%%
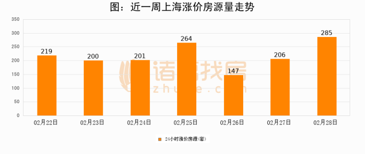 根据诸葛找房数据显示,上海24小时涨价房源量为285套,较02月27日增加79套,环比上涨38.3%。与此同时,涨价房源占比小幅扩大,业主信心有所提升。
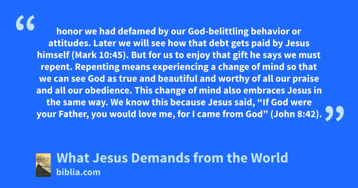 honor we had defamed by our God-belittling behavior or attitudes. Later we will see how that debt gets paid by Jesus himself (Mark 10:45). But for us to enjoy that gift he says we must repent. Repenting means experiencing a change of mind so that we can see God as true and beautiful and worthy of all our praise and all our obedience. This change of mind also embraces Jesus in the same way. We know this because Jesus said, “If God were your Father, you would love me, for I came from God” (John 8:42).
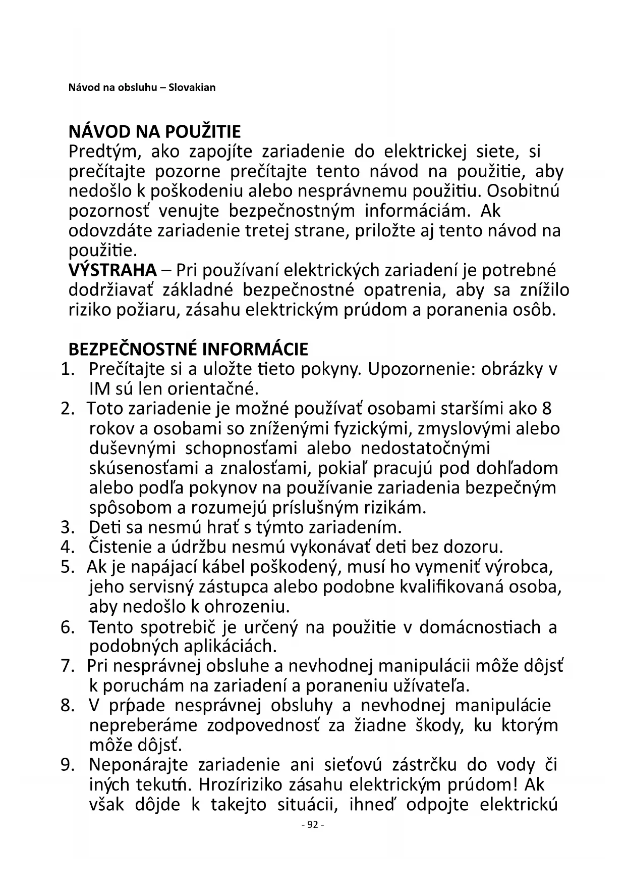 Predtým, ako zapojíte zariadenie do elektrickej siete, si prečítajte pozorne prečítajte tento návod na použitie, aby nedošlo k poškodeniu alebo nesprávnemu použitiu. Osobitnú pozornosť venujte bezpečnostným informáciám. Ak odovzdáte zariadenie tretej strane, priložte aj tento návod na použitie. VÝSTRAHA – Pri používaní elektrických zariadení je potrebné dodržiavať základné bezpečnostné opatrenia, aby sa znížilo riziko požiaru, zásahu elektrickým prúdom a poranenia osôb.
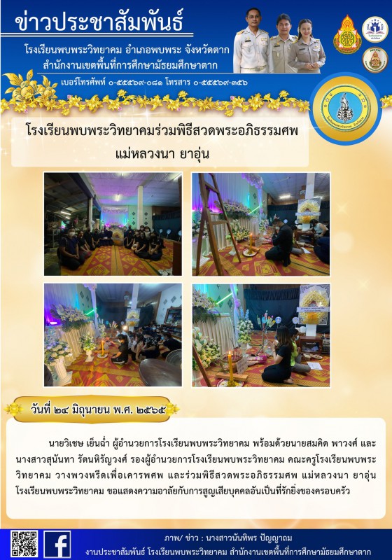 นายวิเชษ เย็นฉ่ำ ผู้อำนวยการโรงเรียนพบพระวิทยาคม พร้อมด้วยนายสมคิด พาวงศ์ และนางสาวสุนันทา รัตนหิรัญวงศ์ รองผู้อำนวยการโรงเรียนพบพระวิทยาคม คณะครูโรงเรียนพบพระวิทยาคม วางพวงหรีดเพื่อเคารพศพ และร่วมพิธีสวดพระอภิธรรมศพ แม่หลวงนา ยาอุ่น โรงเรียนพบพระวิทยาคม ขอแสดงความอาลัยกับการสูญเสียบุคคลอันเป็นที่รักยิ่งของครอบครัว |
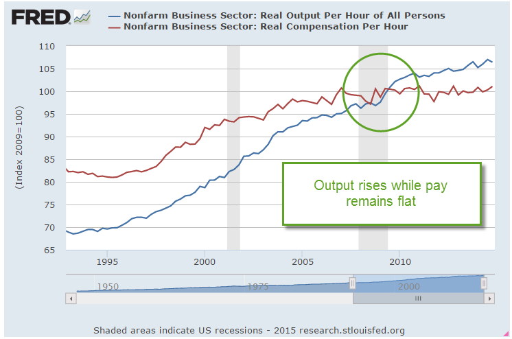 The Bee Gees might have sung “Words are all I have to take your heart away” because they were singing about love, not economics and finance.  Graphs often tell the story much better than words.  A milestone was passed a few years back.  For the first time since World War 2, the growth in income crossed below the growth in output.
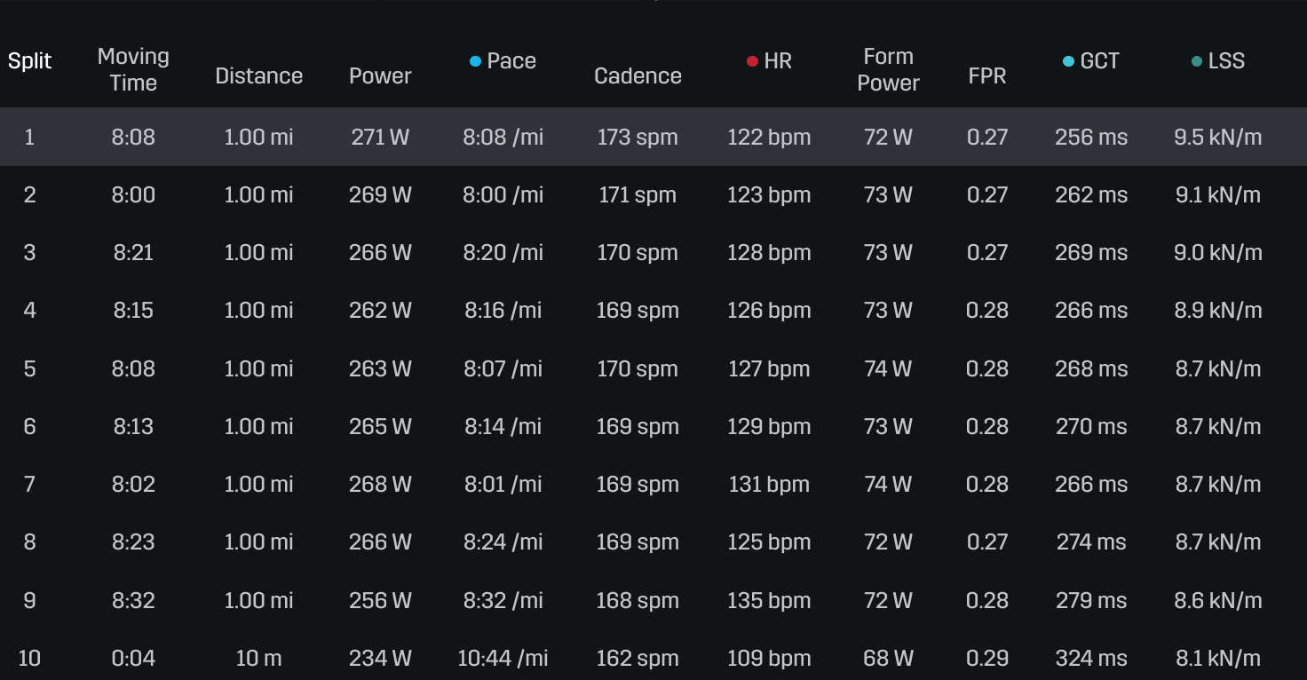 My Form Power and Form Power Ratio (FPR) on an easy run - From the Stryd PowerCenter
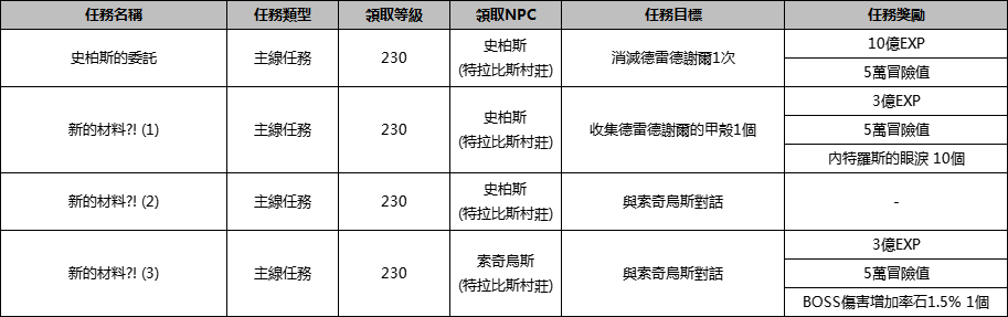 ※ 上述主線任務為連續任務,需要完成前一個任務才能領取後一個任務。
%%
Aim of the task: Copy word for word every line from the start of the material through the line holding "honor we had". The pictures are not part of the copy.

Output for this exercise:
 根据诸葛找房数据显示,上海24小时涨价房源量为285套,较02月27日增加79套,环比上涨38.3%。与此同时,涨价房源占比小幅扩大,业主信心有所提升。
 honor we had defamed by our God-belittling behavior or attitudes. Later we will see how that debt gets paid by Jesus himself (Mark 10:45). But for us to enjoy that gift he says we must repent. Repenting means experiencing a change of mind so that we can see God as true and beautiful and worthy of all our praise and all our obedience. This change of mind also embraces Jesus in the same way. We know this because Jesus said, “If God were your Father, you would love me, for I came from God” (John 8:42).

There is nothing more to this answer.